TAG24: Die EU ist in Brüssel und Straßburg zu Hause. Wo genau haben Sie Ihr Büro?
Matthias Ecke: An beiden Standorten.
TAG24: Klingt teuer! Warum braucht es denn überhaupt zwei EU-Standorte?
Ecke: Meiner Meinung nach braucht es die nicht. Mit der bescheidenen Erfahrung von einigen Wochen würde ich mich, wenn ich müsste, für Brüssel entscheiden. Das ist schon klarer strukturiert. Straßburg ist dagegen ein Labyrinth. Im Übrigen befürwortet das Europäische Parlament auch die Zusammenlegung auf einen Sitz und spricht das regelmäßig wieder an.

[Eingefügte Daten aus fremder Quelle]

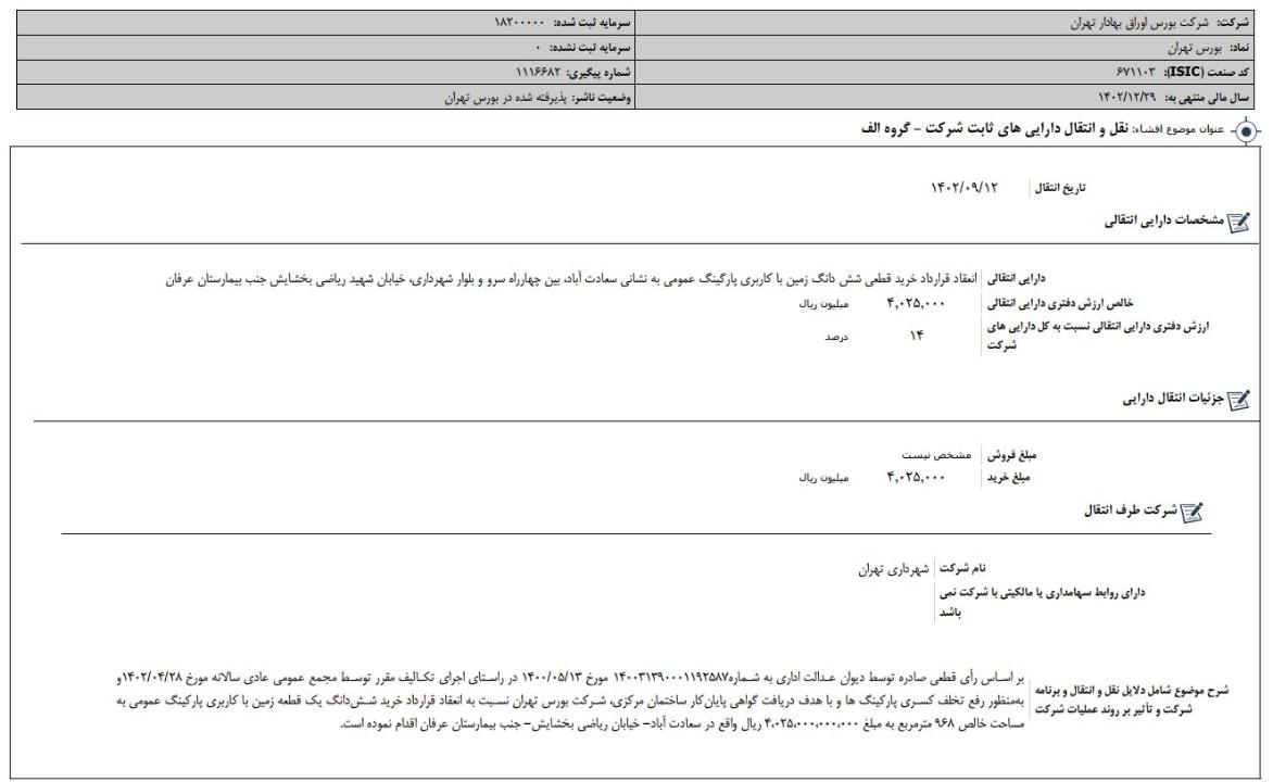 افشای اطلاعات بااهمیت، نقل و انتقال دارايي هاي ثابت شركت ، گروه الف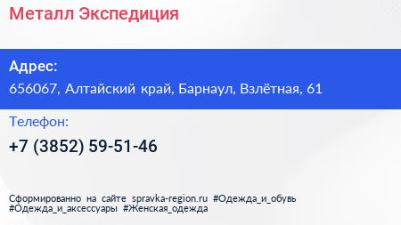 Металл Экспедиция по адресу 656067, Алтайский край, Барнаул, Взлётная, 61 в дальнейшем Организация, размещена в следующих категориях:

Dass Straßburg der Standort des Parlaments ist, ist in den Europäischen Verträgen festgehalten und die französische Regierung ist da wenig verhandlungsbereit. Wenn es nach mir ginge, können wir das aber gerne reduzieren.
TAG24: Wie ist für Sie als Abgeordneten eigentlich das Verhältnis zwischen Anwesenheit vor Ort und daheim bei der Familie?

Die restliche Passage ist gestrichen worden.